Para su sorpresa, su esposa no dormía. Un haz de luz se colaba por la puerta entreabierta del dormitorio, acompañado de sonidos difusos. Sin quitarse la gorra, avanzó en puntillas. El estómago se le encogió.
La escena que vio lo paralizó: bajo la luz tenue del flexo, una mujer de cabellos rubios se retorcía entre las sábanas, oculta en parte por la figura desnuda de un hombre que movía las caderas con frenesí. Los gemidos de ella, nunca escuchados con tal intensidad en sus noches juntos, lo traspasaron como una bala. Sintió que su vida se desmoronaba.
No supo cuánto tiempo estuvo allí, petrificado. Cuando reaccionó, ya no era dueño de sus actos. Más tarde, en el parte policial, lo llamarían *”estado de conmoción psicológica grave”*.
Ciego de ira, buscó su pistola. No la llevaba. Tampoco la daga reglamentaria. Corrió a la cocina. Lo primero que encontró fue un tenedor de alpaca, parte del juego que les regalaron en su boda.
Con el arma improvisada en mano, irrumpió en el dormitorio como un huracán. Su brazo, entrenado en mil maniobras, no vaciló. El tenedor describió un arco perfecto antes de clavarse en el centro exacto de los muslos del adúltero.
El alarido que siguió despertó al vecindario. Un veterano de la Guerra Civil en el piso de al lado juró que eran bombas y movilizó a su familia. Los niños de arriba se orinaron del susto, y un pastor alemán aulló hasta el amanecer.
Esteban dejó el tenedor clavado y salió con paso marcial. Solo quería huir, emborracharse y recoger sus cosas al día siguiente.
Pero en el recibidor, la luz estaba encendida. Allí estaba Laura, envuelta en una bata, con el pelo mojado.
—¡Es tu hermano Sergio con su mujer! —explicó ella—. Lo han destinado aquí. Les presté nuestro cuarto mientras estabas fuera. Yo dormí con el niño… ¿Qué es ese griterío?
Esteban balbuceó:
—Yo… había un tenedor…
—Fui a lavarme el pelo. De día no hay presión. Oye, creo que les ha pasado algo…
—Ajá —fue lo único que dijo antes de desplomarse.
Recordaba perfectamente que su hermano llegaría esos días. Que su esposa también era rubia. Pero la rabia nubló su razón.
Al final, todo terminó mejor de lo esperado. A Sergio le cosieron el trasero en el hospital. El médico, tras extraer el tenedor, elogió la puntería y luego le aseguró:
—Nunca tendrás hemorroides. ¡Te quedó como un oleoducto!

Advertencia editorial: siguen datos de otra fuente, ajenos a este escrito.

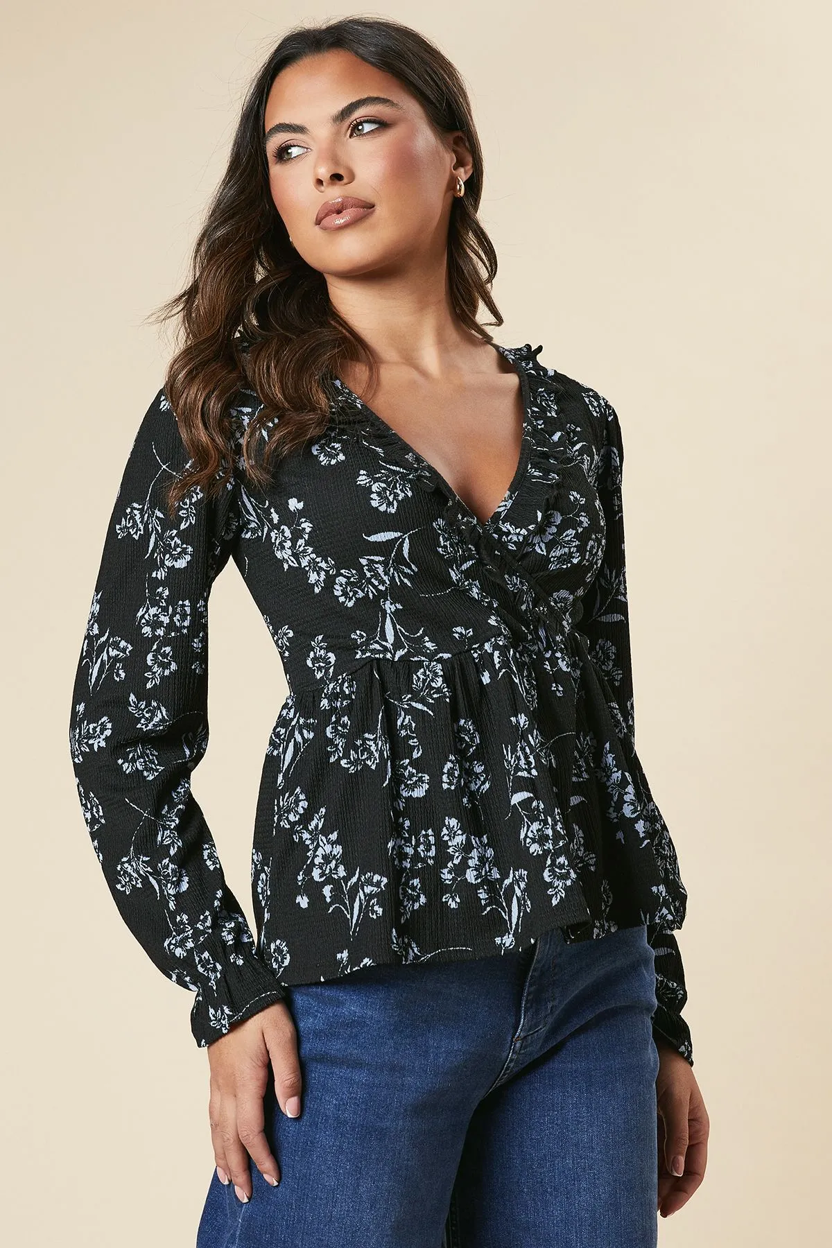 Sale!Blue large floral Ruffle wrap long sleeve top

El parte oficial decía: *”Herido por sentarse en un clavo”*. Tardó meses en volver a sentarse sin lágrimas.
A la esposa de Sergio, Elena, cuatro enfermeras le recolocaron las piernas. Y solo tartamudeó tres meses… en la intimidad.

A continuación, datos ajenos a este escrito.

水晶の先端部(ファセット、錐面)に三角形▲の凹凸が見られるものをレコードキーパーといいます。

La familia se salvó. Laura y Esteban siguieron paseando de la mano, como tórtolos. El sol siguió brillando, y los barcos siguieron zarpando.
Aunque ahora Laura esconde hasta los palillos, y Esteban llama al timbre cinco minutos antes de entrar.
En cuanto a Sergio y su mujer, aunque perdonaron al hermano, jamás volvieron a dormir en su casa.
Moraleja: La sospecha es un veneno. Antes de actuar, asegúrate de que tu venganza no sea peor que el crimen imaginado.